**TRY IT:**
The entries are to be returned exactly, with images left out.

**DATA EXTRACT:**
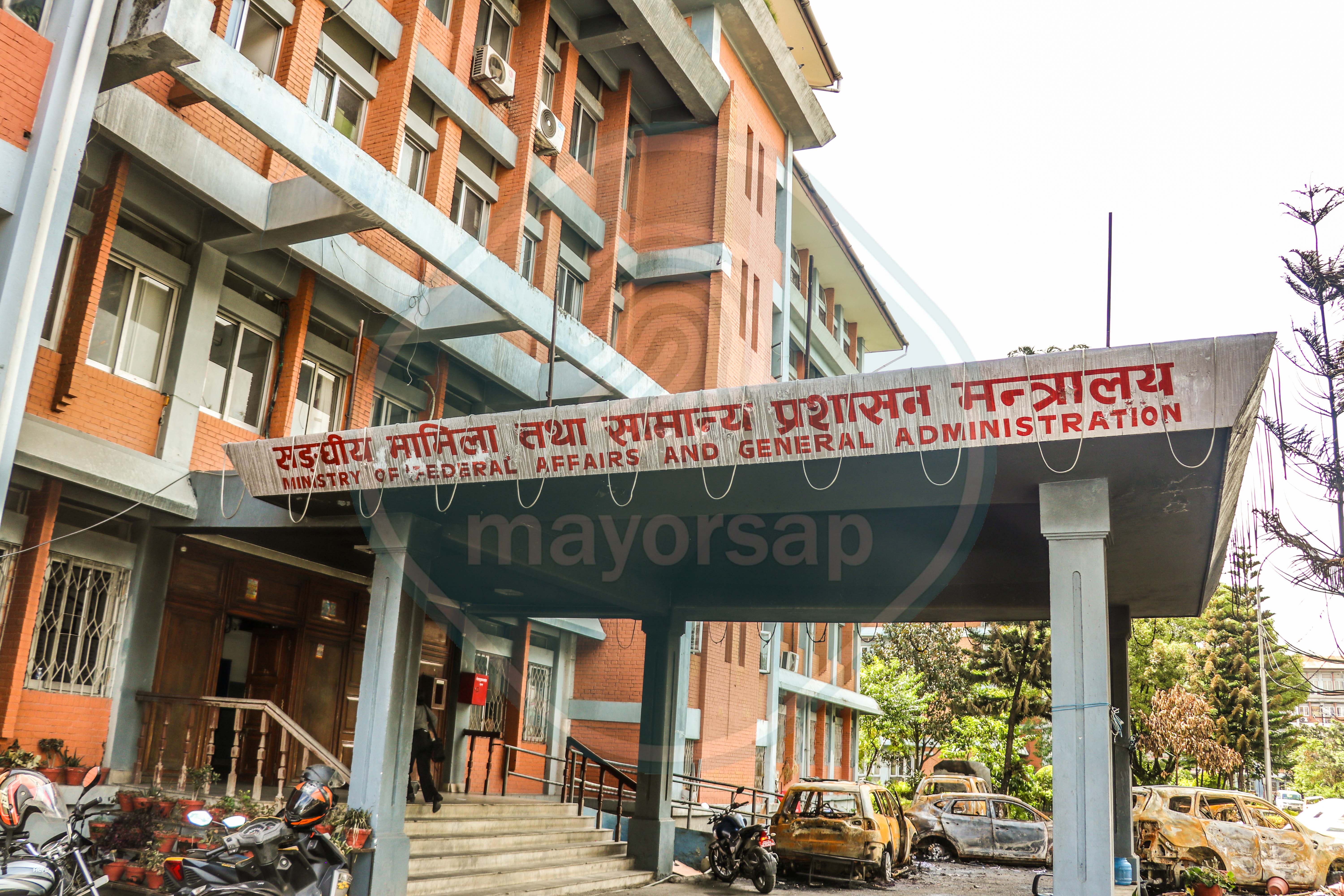 त्यसैगरी संघीय मामिला तथा सामान्य प्रशासन मान्त्रालयमा पनि आगजनीबाट आंशिक क्षति पुगेको छ । मन्त्रालयको एक छेउ आगोले क्षतिग्रस्त भएको छ । प्राङ्गणमा राखिएका सवारी साधनहरू जलेका छन् । भवनको क्षतिग्रस्त भागमा भएको विभागहरूलाई सकुशल अवस्थामा रहेको भागतर्फ सार्ने, सरसफाइ गर्ने काम भइरहेकाे छ । अहिले खातामा नाम टिपेर कर्मचारीको हाजिर गर्न सुरु गरिएको छ ।
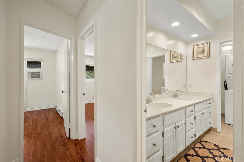 One of the best locations at this complex, this 2 bedroom 2 bath condo is ready and awaits your personal touch to make it your new home. With close proximity to designated parking as well as being just steps away from an entry gate off upper 1st St., this allows for easy access and additional street parking just steps away from this ideally located unit. The downstairs features a large living room and half bathroom that nicely flows into the dining room and kitchen. This unit attracts plenty of natural lighting and includes a newer sliding glass door that leads to the outdoor patio area. The galley style kitchen features tile countertops and plenty of cupboard space for all of your culinary needs. Step upstairs and find two bedrooms both with ample closet space and updated vinyl windows (with A/C window Units). A full bath with access from the primary bedroom as well as hall features a shower and tub, dual vanity sinks off the shower, plus a stack washer and dryer. The complex features many amenities, including 3 pools, 2 hot tubs, gym, ping pong and billiard tables, library, common area with fireplace and TV, club house with full kitchen and gorgeous views, on site management and 24 hour security.
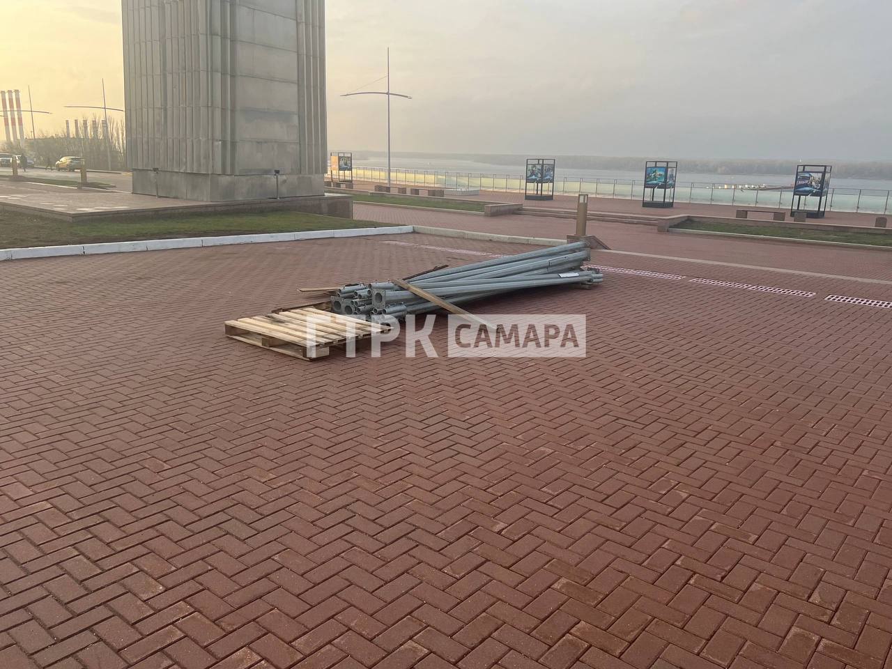 Рядом можно разглядеть детали будущего украшения площади - сложенные в ожидании монтажа опоры освещения и металлические трубы. Возможно, именно из этих элементов в скором времени соберут каркас для новогодней ели.
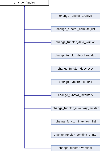 Implemented in change_functor_inventory, change_functor_archive, change_functor_inventory_builder, change_functor_pending_printer, change_functor_attribute_list, change_functor_file_find, change_functor_inventory_list, change_functor_date_version, change_functor_versions, change_functor_debcloses, and change_functor_debchangelog.
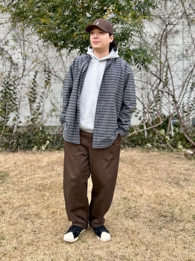 パーカーにチェックシャツを羽織った、肩の力の抜けたカジュアルコーデ。キャップとボトムスをブラウン系で統一することで、まとまりが生まれて落ち着いた雰囲気に。30〜40代の休日コーデにもぴったりな、大人のスタイリングです。
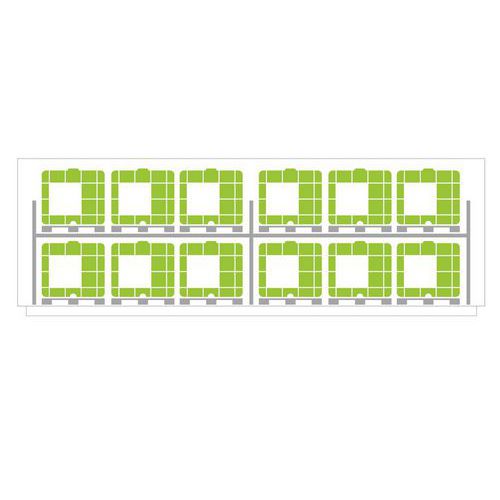 Container con capacità di stoccaggio fino a 12 IBC da 100L.
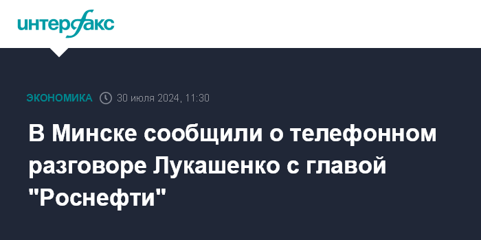 Москва. 30 июля. INTERFAX.RU - Президент Белоруссии Александр Лукашенко 30 июля поговорил по телефону с председателем правления и главным исполнительным директором "Роснефти" Игорем Сечиным, сообщил близкий к президентской пресс-службе телеграм-канал "Пул Первого".
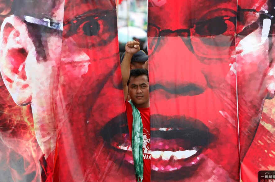 当地时间7月23日,菲律宾奎松城城郊,一名抗议者举起他的拳头,抗议现任总统阿基诺三世的国情咨文。当日,阿基诺三世发表国情咨文,谈及南海问题时,要求中国不要侵犯菲律宾领土,尊重菲律宾主权。阿基诺宣称,菲律宾对帕纳塔格礁(即黄岩岛)拥有“主权”。Bullit Marquez/AP
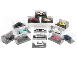véhicules vendus en kiosque - comprend notamment les modèles : PANHARD, SOVAM, RENAULT, JIDE, VENTURI & SALMSON - possibilité de petits éléments cassés - quelques fêlures sur certains couvercles de boites
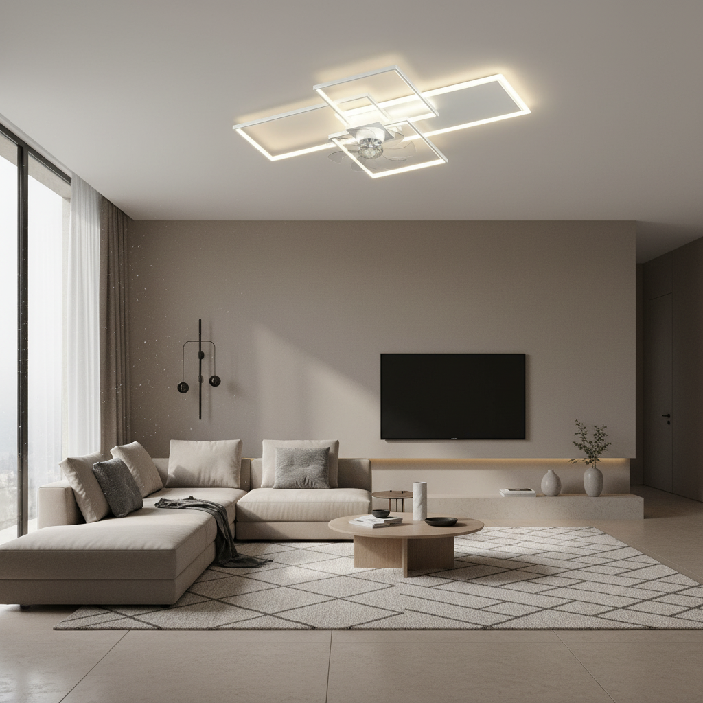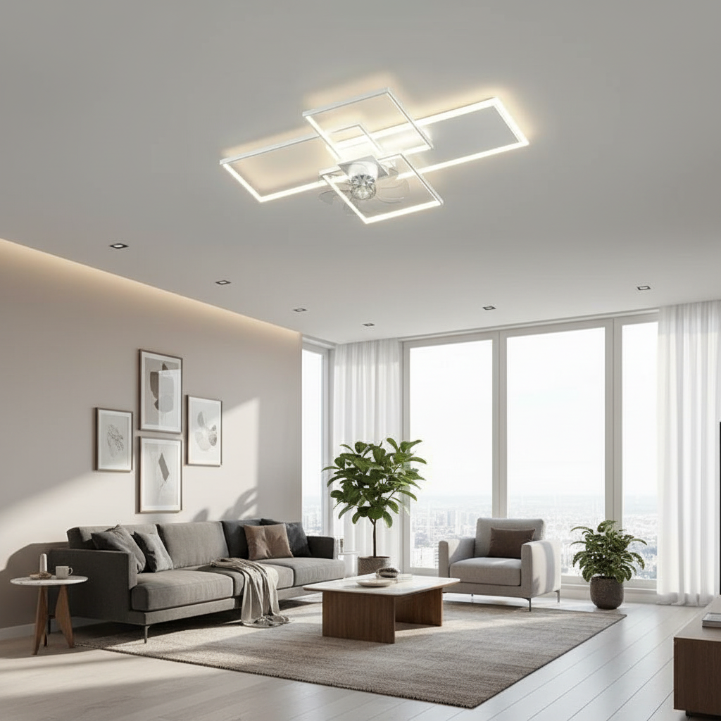Conçu avec un corps en aluminium et une finition en fer, ce lustre ventilateur moderne intègre des pales rétractables discrètes. Son éclairage LED est entièrement dimmable, offrant une luminosité adaptable à vos besoins. Avec des dimensions de 108x70x21 cm, il est idéal pour des pièces de 20 à 25 m², et se contrôle facilement via sa télécommande.- Ventilation efficace grâce aux pales rétractables.
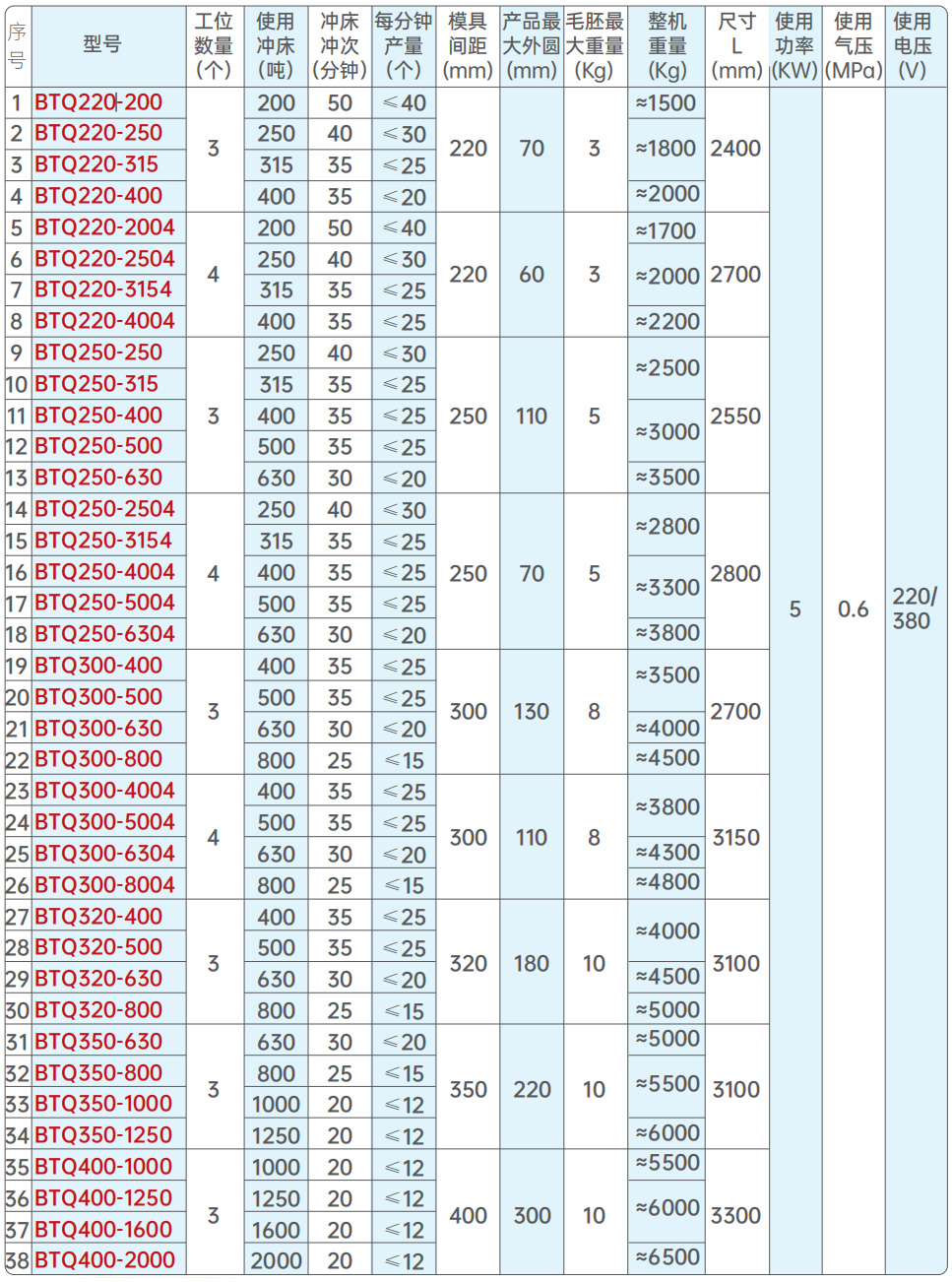 注3: 如果生產(chǎn)的產(chǎn)品是六角帽,可用六角的對角來選型。選型時先選擇沖床噸位,再按最大產(chǎn)品外圓來選擇步距,型號可以是上表中沒有的型號,比如BTQ220-500, BTQ350-1600。

**OUTPUT OF THE TASK:**
 त्यसैगरी संघीय मामिला तथा सामान्य प्रशासन मान्त्रालयमा पनि आगजनीबाट आंशिक क्षति पुगेको छ । मन्त्रालयको एक छेउ आगोले क्षतिग्रस्त भएको छ । प्राङ्गणमा राखिएका सवारी साधनहरू जलेका छन् । भवनको क्षतिग्रस्त भागमा भएको विभागहरूलाई सकुशल अवस्थामा रहेको भागतर्फ सार्ने, सरसफाइ गर्ने काम भइरहेकाे छ । अहिले खातामा नाम टिपेर कर्मचारीको हाजिर गर्न सुरु गरिएको छ ।
 One of the best locations at this complex, this 2 bedroom 2 bath condo is ready and awaits your personal touch to make it your new home. With close proximity to designated parking as well as being just steps away from an entry gate off upper 1st St., this allows for easy access and additional street parking just steps away from this ideally located unit. The downstairs features a large living room and half bathroom that nicely flows into the dining room and kitchen. This unit attracts plenty of natural lighting and includes a newer sliding glass door that leads to the outdoor patio area. The galley style kitchen features tile countertops and plenty of cupboard space for all of your culinary needs. Step upstairs and find two bedrooms both with ample closet space and updated vinyl windows (with A/C window Units). A full bath with access from the primary bedroom as well as hall features a shower and tub, dual vanity sinks off the shower, plus a stack washer and dryer. The complex features many amenities, including 3 pools, 2 hot tubs, gym, ping pong and billiard tables, library, common area with fireplace and TV, club house with full kitchen and gorgeous views, on site management and 24 hour security.
 Рядом можно разглядеть детали будущего украшения площади - сложенные в ожидании монтажа опоры освещения и металлические трубы. Возможно, именно из этих элементов в скором времени соберут каркас для новогодней ели.
 Implemented in change_functor_inventory, change_functor_archive, change_functor_inventory_builder, change_functor_pending_printer, change_functor_attribute_list, change_functor_file_find, change_functor_inventory_list, change_functor_date_version, change_functor_versions, change_functor_debcloses, and change_functor_debchangelog.
 パーカーにチェックシャツを羽織った、肩の力の抜けたカジュアルコーデ。キャップとボトムスをブラウン系で統一することで、まとまりが生まれて落ち着いた雰囲気に。30〜40代の休日コーデにもぴったりな、大人のスタイリングです。
 Container con capacità di stoccaggio fino a 12 IBC da 100L.
 Москва. 30 июля. INTERFAX.RU - Президент Белоруссии Александр Лукашенко 30 июля поговорил по телефону с председателем правления и главным исполнительным директором "Роснефти" Игорем Сечиным, сообщил близкий к президентской пресс-службе телеграм-канал "Пул Первого".
 当地时间7月23日,菲律宾奎松城城郊,一名抗议者举起他的拳头,抗议现任总统阿基诺三世的国情咨文。当日,阿基诺三世发表国情咨文,谈及南海问题时,要求中国不要侵犯菲律宾领土,尊重菲律宾主权。阿基诺宣称,菲律宾对帕纳塔格礁(即黄岩岛)拥有“主权”。Bullit Marquez/AP
véhicules vendus en kiosque - comprend notamment les modèles : PANHARD, SOVAM, RENAULT, JIDE, VENTURI & SALMSON - possibilité de petits éléments cassés - quelques fêlures sur certains couvercles de boites
Conçu avec un corps en aluminium et une finition en fer, ce lustre ventilateur moderne intègre des pales rétractables discrètes. Son éclairage LED est entièrement dimmable, offrant une luminosité adaptable à vos besoins. Avec des dimensions de 108x70x21 cm, il est idéal pour des pièces de 20 à 25 m², et se contrôle facilement via sa télécommande.- Ventilation efficace grâce aux pales rétractables.
 注3: 如果生產(chǎn)的產(chǎn)品是六角帽,可用六角的對角來選型。選型時先選擇沖床噸位,再按最大產(chǎn)品外圓來選擇步距,型號可以是上表中沒有的型號,比如BTQ220-500, BTQ350-1600。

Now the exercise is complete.